ITEM 1.01 ENTRY INTO A MATERIAL DEFINITIVE AGREEMENT
The disclosures set forth in Item 5.02 are incorporated into this Item 1.01 by
reference.
ITEM 5.02DEPARTURE OF DIRECTORS OR CERTAIN OFFICERS; ELECTION OF DIRECTORS;
APPOINTMENT OF CERTAIN OFFICERS; COMPENSATORY ARRANGEMENTS OF CERTAIN OFFICERS
On April 7, 2020, the Company executed an Executive Agreement (the "Executive
Agreement") for the appointment of Dr. David L. Stark as the Company's
President, pursuant to a resolution of the board of directors effective March 1,
2020. In connection with the appointment, Mr. Paul R. Arena, who has held the
position of President since July 2017, remains the Company's Chief Executive
Officer and Chairman of the Board of Directors, but resigned the position of
President to afford Dr. Stark's appointment.
The Executive Agreement replaces any other agreement between Dr. Stark and the
Company or any of its subsidiaries, and provides a base compensation of $225,000
in year one, $250,000 in year two and $275,000 in year three, commencing after
the initial term estimated at approximately six (6) months, during which time
Dr. Stark will devote fifty percent (50%) of his time at a compensation
proportionate to the year one base compensation. The Executive Agreement also
provides for various performance bonuses, and customary employee benefits, as
well as (i) a grant to purchase 2,000,000 restricted common shares at $0.001 per
share, of which 25% vest immediately, and the remainder vest upon the Company's
achievement of certain earnings goals; and (ii) stock options to purchase
3,000,000 shares of the Company's Common Stock at an exercise price of $0.25 per
share for a period of five (5) years, of which 25% vest immediately, and the
remainder vest quarterly in equal amounts over the term of the Agreement.
The foregoing disclosure of the Executive Agreement set forth in this Section
5.02 does not purport to be complete, and is qualified in its entirety by
reference to the Executive Agreement, which is filed as Exhibit 10.1 of this
Current Report and incorporated by reference herein.
Dr. David L. Stark
Dr. Stark has 18 years' experience in the medical and clinical fields, from the
toxicology labs to the investigator site, and has been essential to all aspects
of clinical and device research. Due to his extensive and broad experiences in
the inner workings of the research and regulatory aspects of clinical trials,
Dr. Stark brings a unique vision to the industry and the Company as a motivated
designer of superior approaches to research challenges.
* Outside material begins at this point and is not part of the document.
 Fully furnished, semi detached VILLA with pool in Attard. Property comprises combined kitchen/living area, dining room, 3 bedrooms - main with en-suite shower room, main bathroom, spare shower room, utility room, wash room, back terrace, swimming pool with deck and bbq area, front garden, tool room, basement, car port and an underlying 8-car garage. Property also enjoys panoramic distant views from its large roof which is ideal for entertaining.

Most importantly, Dr.
Stark is highly qualified to manage the development opportunities of the
Company.
Formerly the Director of the National Institute of Clinical Research (NICR), Dr.
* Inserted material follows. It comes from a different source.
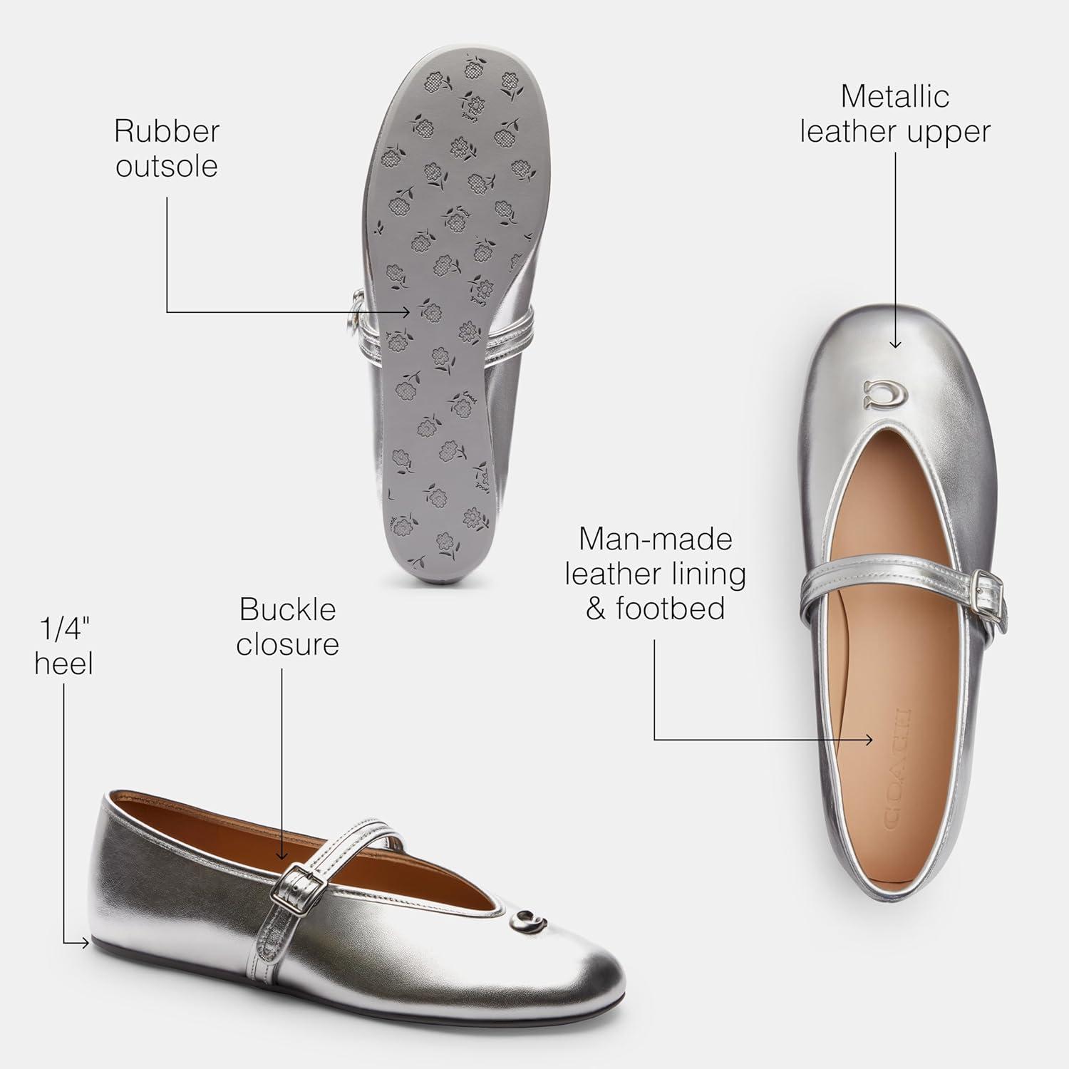image:imageCOACH Womens Sculpted C Soft Mary Jane FlatsSilver

Stark has been responsible for the design, organization and implementation of
clinical trials for pharmaceutical and device companies. He has a broad
background in designing, conducting, and monitoring clinical trials of new
pharmaceuticals and devices. He is also one of the few that has worked in the
manufacturing validation of pharmaceuticals, the clinical field, and the
regulatory (IRB) arenas, and therefore possesses a big-picture understanding of
pharmaceutical development.
Through Dr. Stark's diverse and devoted networking within the industry, he has
assembled a wide network of more than 5,000 physicians throughout the United
States and the international community. As part of his experience, he has
negotiated a unique Drug Master File (DMF) partnership with drug manufacturers
in China.
In addition to his significant accomplishments on the industry side of clinical
drug and device development, Dr. Stark has experience with the FDA (major focus
on Investigational New Drug (IND), New Drugs (NDA) and 510(k) applications).
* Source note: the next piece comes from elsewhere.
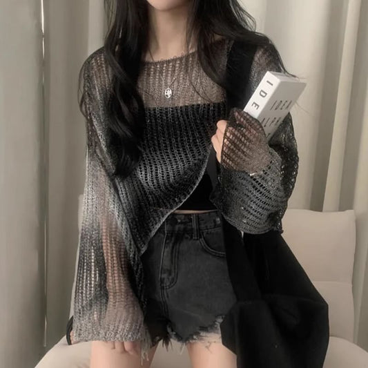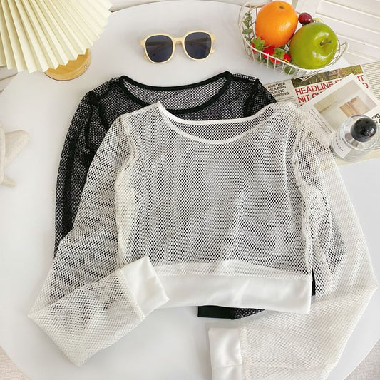 Long-Sleeve Crewneck Perforated Plain Top

Prior to his employment at NICR, Dr. Stark was the President and Chief Executive
Officer of Powder Ice, Inc a medical products company. Additionally, Dr. Stark
is a California state licensed Qualified Medical Examiner and Certified Clinical
Research Associate.
The Company believes Mr. Stark is qualified to be the Company's President
because of his extensive background and experience in medical device
development, as well as clinical trials, and the implementation of medical and
regulatory processes.
Family Relationships
There are no family relationships between Dr. Stark and any of the Company's
directors and officers.
ITEM 9.01FINANCIAL STATEMENTS AND EXHIBITS
(d) Exhibits
Exhibit
Number Description of Exhibit Filing Reference
Executive Agreement dated March 1, 2020
10.1 between Parallax Health Sciences, Inc and Filed herewith*.
Landis Enterprises LLC for David L.
Stark
* Confidential disclosure schedules omitted. The Registrant undertakes to
furnish copies of any omitted schedules to the SEC upon request.